> **Task goal**: Of the entries below, copy only those lines that contain the word "Thermes".

START Provided entries

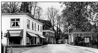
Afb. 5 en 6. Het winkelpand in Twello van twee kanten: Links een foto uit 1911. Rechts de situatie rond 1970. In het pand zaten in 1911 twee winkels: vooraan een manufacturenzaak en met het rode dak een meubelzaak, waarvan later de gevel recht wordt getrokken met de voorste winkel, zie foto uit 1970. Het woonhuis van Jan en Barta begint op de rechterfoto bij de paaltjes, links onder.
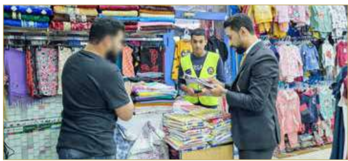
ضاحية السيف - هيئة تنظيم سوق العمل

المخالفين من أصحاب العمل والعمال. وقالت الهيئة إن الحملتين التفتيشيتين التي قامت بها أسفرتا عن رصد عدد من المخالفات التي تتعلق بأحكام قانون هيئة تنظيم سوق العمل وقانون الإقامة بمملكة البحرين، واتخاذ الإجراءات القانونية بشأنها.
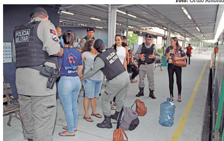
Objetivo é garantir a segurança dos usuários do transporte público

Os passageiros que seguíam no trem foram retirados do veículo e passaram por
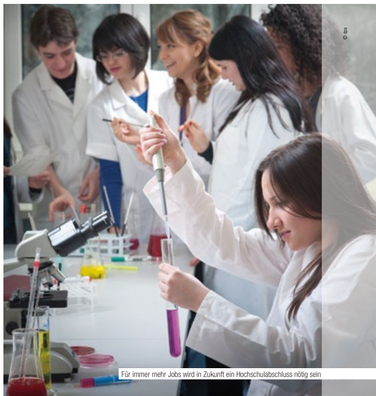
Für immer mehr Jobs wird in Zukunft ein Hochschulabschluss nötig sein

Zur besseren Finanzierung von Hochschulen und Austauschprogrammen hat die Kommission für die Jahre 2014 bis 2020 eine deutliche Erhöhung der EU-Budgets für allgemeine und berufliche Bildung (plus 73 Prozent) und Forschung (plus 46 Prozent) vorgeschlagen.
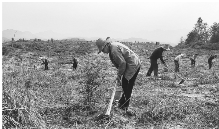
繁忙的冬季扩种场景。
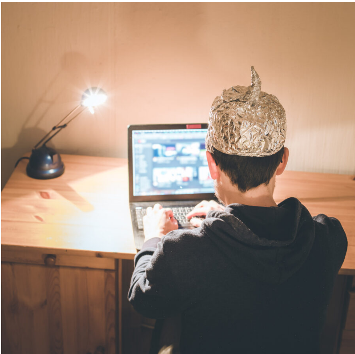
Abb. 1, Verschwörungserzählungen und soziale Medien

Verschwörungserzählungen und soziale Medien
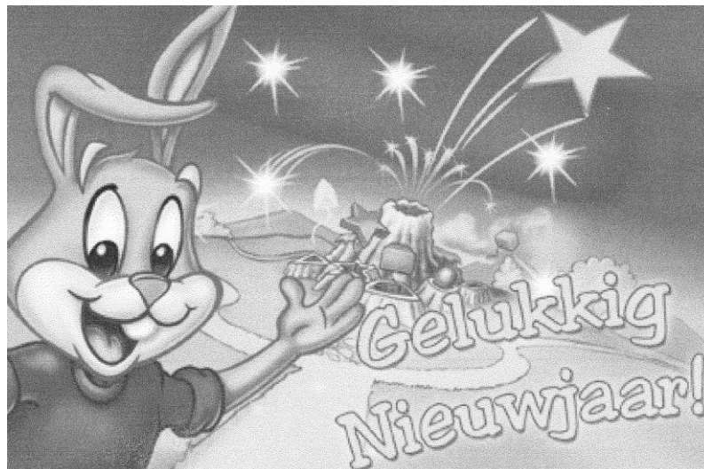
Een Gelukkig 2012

END Provided entries
START Provided entries

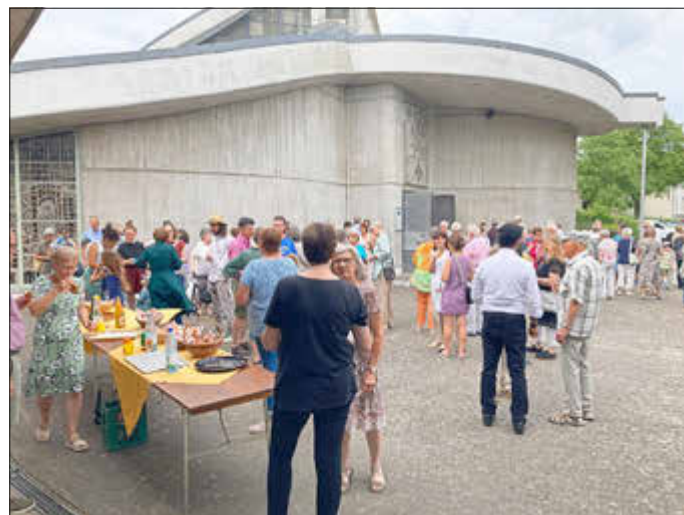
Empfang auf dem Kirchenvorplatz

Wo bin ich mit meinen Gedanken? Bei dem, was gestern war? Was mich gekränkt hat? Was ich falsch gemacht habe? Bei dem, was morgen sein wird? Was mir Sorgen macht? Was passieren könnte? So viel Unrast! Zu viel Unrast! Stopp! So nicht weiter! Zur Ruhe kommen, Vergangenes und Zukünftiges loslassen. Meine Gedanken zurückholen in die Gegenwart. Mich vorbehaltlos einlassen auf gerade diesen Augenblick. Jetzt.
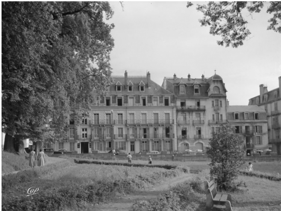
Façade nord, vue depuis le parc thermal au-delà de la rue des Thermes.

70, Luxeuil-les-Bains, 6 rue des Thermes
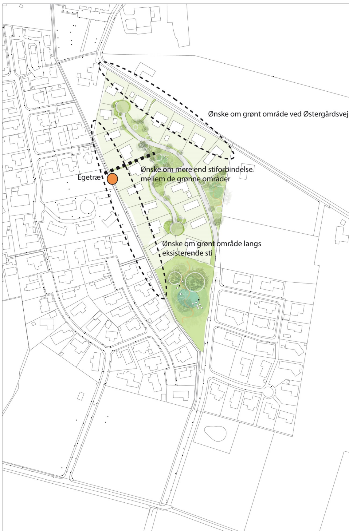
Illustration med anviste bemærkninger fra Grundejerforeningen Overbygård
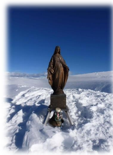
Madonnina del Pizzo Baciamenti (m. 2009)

END Provided entries
START Provided entries

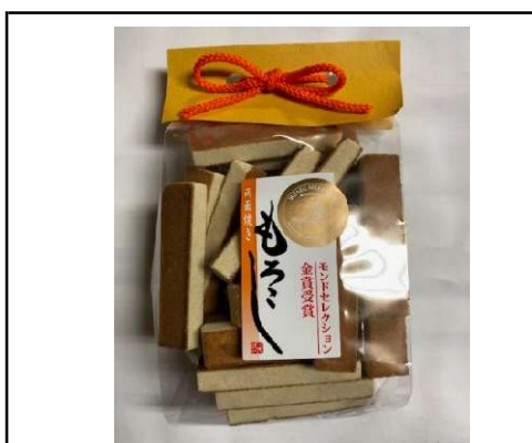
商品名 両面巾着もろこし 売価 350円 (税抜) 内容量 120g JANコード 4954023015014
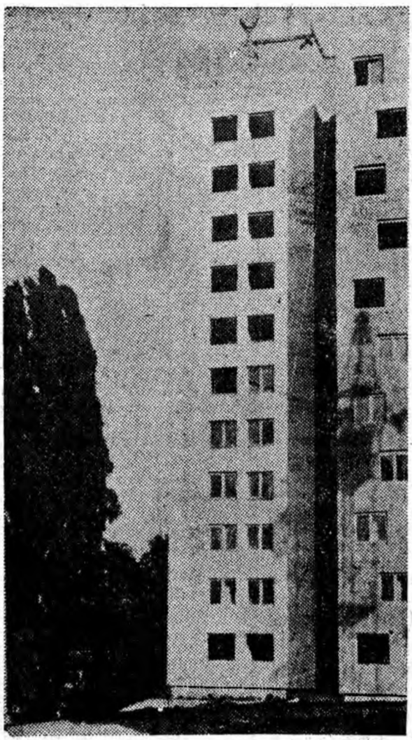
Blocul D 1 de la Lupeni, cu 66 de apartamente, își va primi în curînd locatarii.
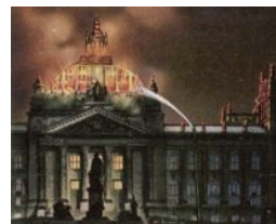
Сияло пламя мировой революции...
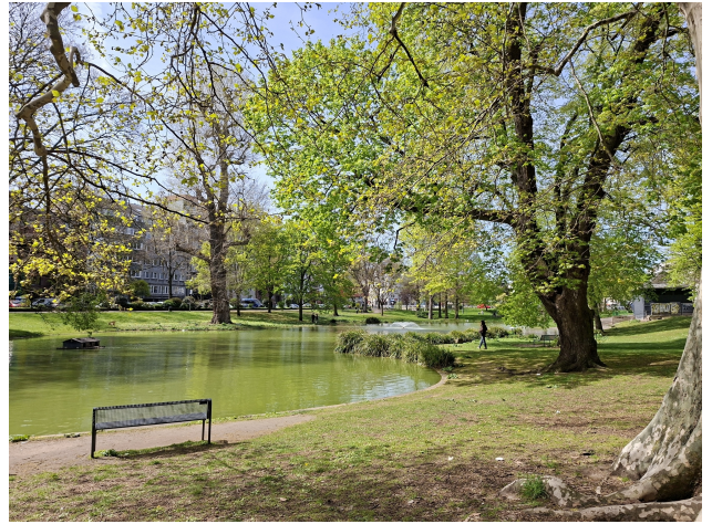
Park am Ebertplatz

END Provided entries

> **Expected answer**:
Façade nord, vue depuis le parc thermal au-delà de la rue des Thermes.
70, Luxeuil-les-Bains, 6 rue des Thermes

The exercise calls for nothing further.